Recorded data —
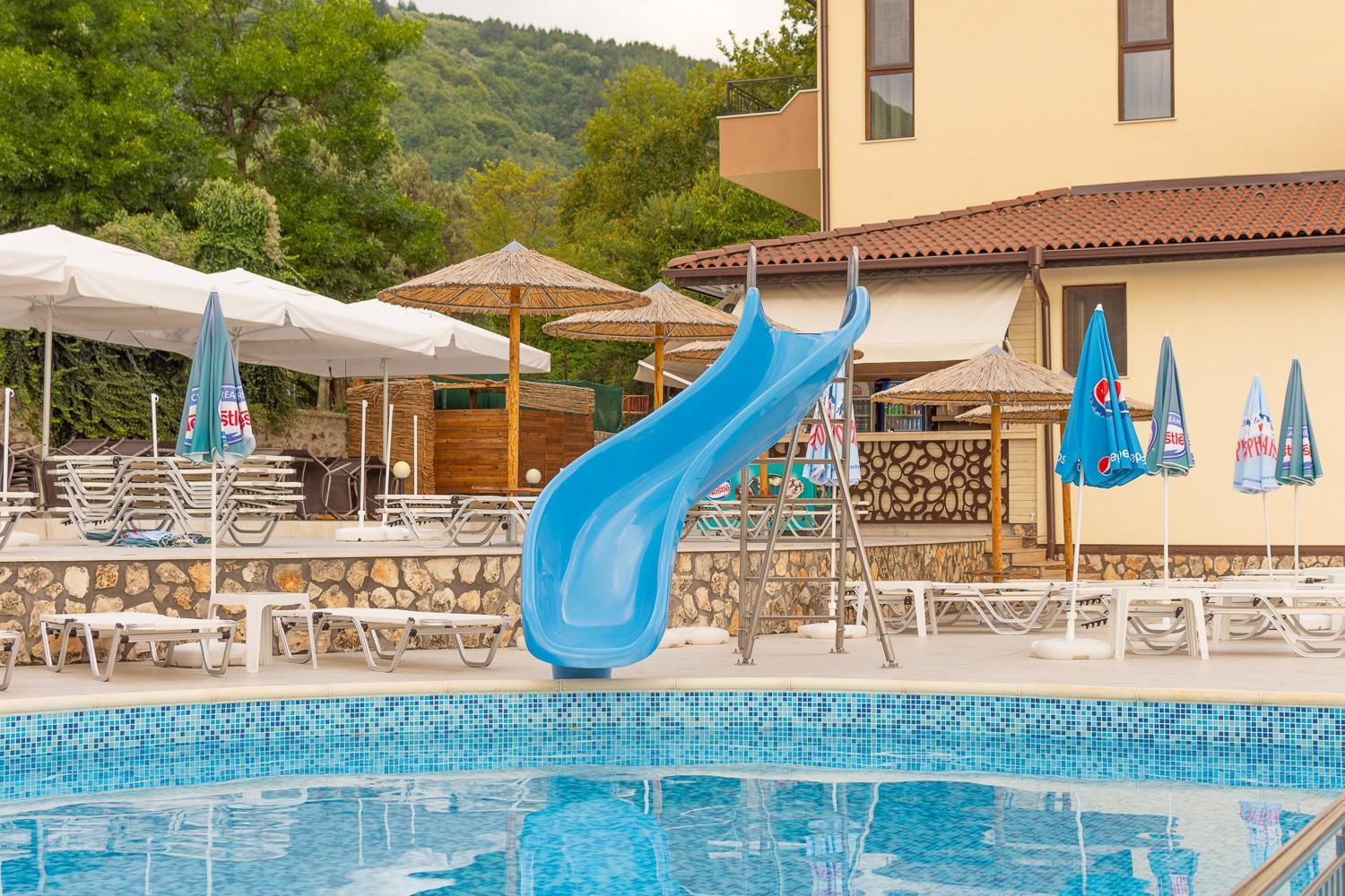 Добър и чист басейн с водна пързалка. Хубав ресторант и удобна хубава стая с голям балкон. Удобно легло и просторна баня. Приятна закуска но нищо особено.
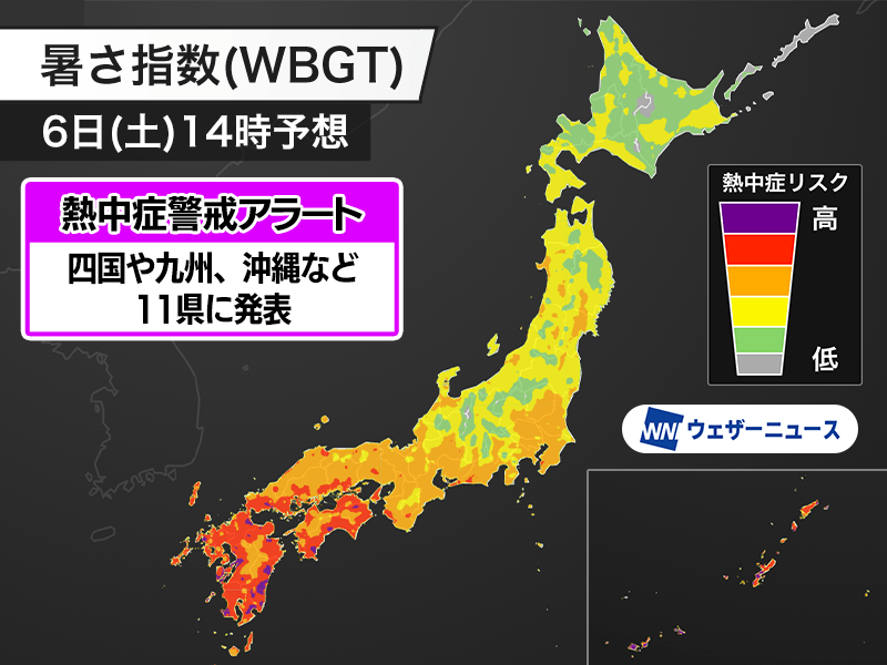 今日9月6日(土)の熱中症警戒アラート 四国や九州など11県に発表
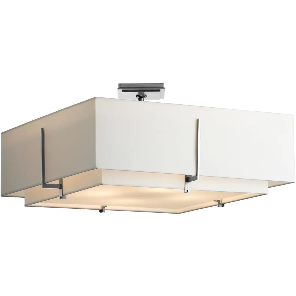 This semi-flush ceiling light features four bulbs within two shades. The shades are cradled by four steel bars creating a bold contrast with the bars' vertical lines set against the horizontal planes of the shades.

Work to be completed — In copying the material, drop all pictures and keep everything else identical.

Exercise result —
 Добър и чист басейн с водна пързалка. Хубав ресторант и удобна хубава стая с голям балкон. Удобно легло и просторна баня. Приятна закуска но нищо особено.
 今日9月6日(土)の熱中症警戒アラート 四国や九州など11県に発表
 This semi-flush ceiling light features four bulbs within two shades. The shades are cradled by four steel bars creating a bold contrast with the bars' vertical lines set against the horizontal planes of the shades.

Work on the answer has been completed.